Adjusted earnings slipped to $5.4 billion from $5.5 billion in the year-ago quarter as improved performance in the operating segments was offset by higher corporate charges due to the absence of tax credits and changes related to IFRS 16 implementation. Integrated gas segment earnings increased to $2.5 billion from $2.4 billion as higher realized prices and increased contributions from liquefied natural gas portfolio optimization offset lower production and sales volumes. Upstream earnings improved to $1.7 billion from $1.6 billion last year as reduced operating expenses and higher volumes outweighed the impact of lower oil prices.
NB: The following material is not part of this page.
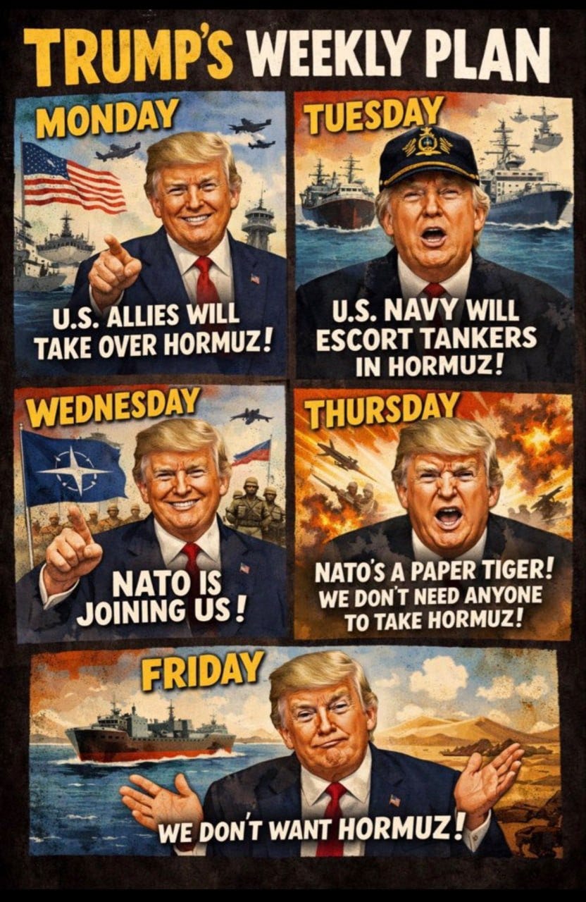 In short: more than likely the Marine operation is nothing more than a desperate head fake—as per usual—to wreathe Trump in an air of authority, command, and victory. When the Tripoli arrives he’ll have no choice than to blame allies for their “cowardly” inability to reopen the Strait for him, then deflect into some new headline-grabbing ruse or distraction, or simply claim his destruction of Iran’s power plants has “crippled Iran for good” before withdrawing with tail between his legs.

Production across the entire portfolio, including upstream and integrated gas, fell 2% to 3.75 million barrels of oil equivalent a day from 3.84 mmboe/d the year before, largely due to divestments and maintenance activity. Volumes are expected to bounce back in the second quarter thanks to new project ramp-ups and lower maintenance activity.

In contrast to many peers, Shell reported an increase in downstream earnings to $1.82 billion from $1.77 billion. Strong results from crude oil and products trading offset weakness in refined products and chemical margins.
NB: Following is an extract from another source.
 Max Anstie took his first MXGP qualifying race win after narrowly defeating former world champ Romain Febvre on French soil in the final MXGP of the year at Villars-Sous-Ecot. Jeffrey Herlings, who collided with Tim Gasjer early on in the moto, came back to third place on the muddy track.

Operating cash flow increased to $11.3 billion, excluding working capital and the positive impact of IFRS 16 implementation, from $10.4 billion last year thanks in part to greater contribution from high-cash-margin barrels in the Gulf of Mexico, demonstrating the portfolio upgrading that has occurred in recent years. During the quarter, Shell repurchased $2.3 billion in shares, bringing the total to $6.75 billion since the launch of its program to buy back $25 billion by year-end 2020. It plans to repurchase another $2.75 billion by the end of July.

Return on capital employed improved to 8.4% from 7.1% last year, increasing our confidence that Shell can achieve its 2020 goal of 10%.
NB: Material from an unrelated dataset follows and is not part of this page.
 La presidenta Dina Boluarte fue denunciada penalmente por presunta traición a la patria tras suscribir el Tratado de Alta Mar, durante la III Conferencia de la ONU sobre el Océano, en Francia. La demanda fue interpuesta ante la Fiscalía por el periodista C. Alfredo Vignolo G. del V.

Reducing Costs and Avoiding Mistakes With the restoration of its cash dividend, Shell has demonstrated that it has taken the necessary steps to remain competitive in a world of $60/barrel oil. Like the rest of the integrated group, Shell has reduced its cost base, which had become bloated, in part by reducing head count and improving its supply chain. Furthermore, the addition of BG's low-cost production reduces Shell's per-barrel operating cost, which had ranked among the highest in its peer group. Shell has already reduced operating costs by 20% from 2014 levels and believes potential further reductions are possible in later years.

At the same time, Shell plans to avoid the mistakes of the past, when rising commodity prices resulted in ever-increasing capital budgets, by keeping yearly capital spending at $25 billion-$30 billion through 2020, a 40% reduction from the nearly $50 billion it spent in 2014. The sharp decrease should improve capital efficiency but not completely sacrifice growth. While the reduction in spending is in part a function of canceled marginal projects that are no longer economical, it also results from cost deflation, improved performance, and design standardization, which have meaningfully improved potential returns and reduced total project spending.

The impact is most notable in Shell’s future deep-water projects in the Gulf of Mexico and Brazil, where break-even levels have fallen to $45/barrel. The improved economics of deep-water projects--combined with projects nearing completion, high-return conventional reinvestment opportunities, and a large liquefied natural gas portfolio (which does not decline)--mean Shell can deliver modest production growth at a reduced level of spending.

As a result of its collective efforts, including divestiture of capital-intensive, low-return upstream and downstream assets, Shell should boost margins and improve returns by 2020, leaving it in a better competitive position. While we think it might fall just short of its goal of a 10% return on capital, we expect it can realize its target of $25 billion in free cash flow with oil at $65/barrel.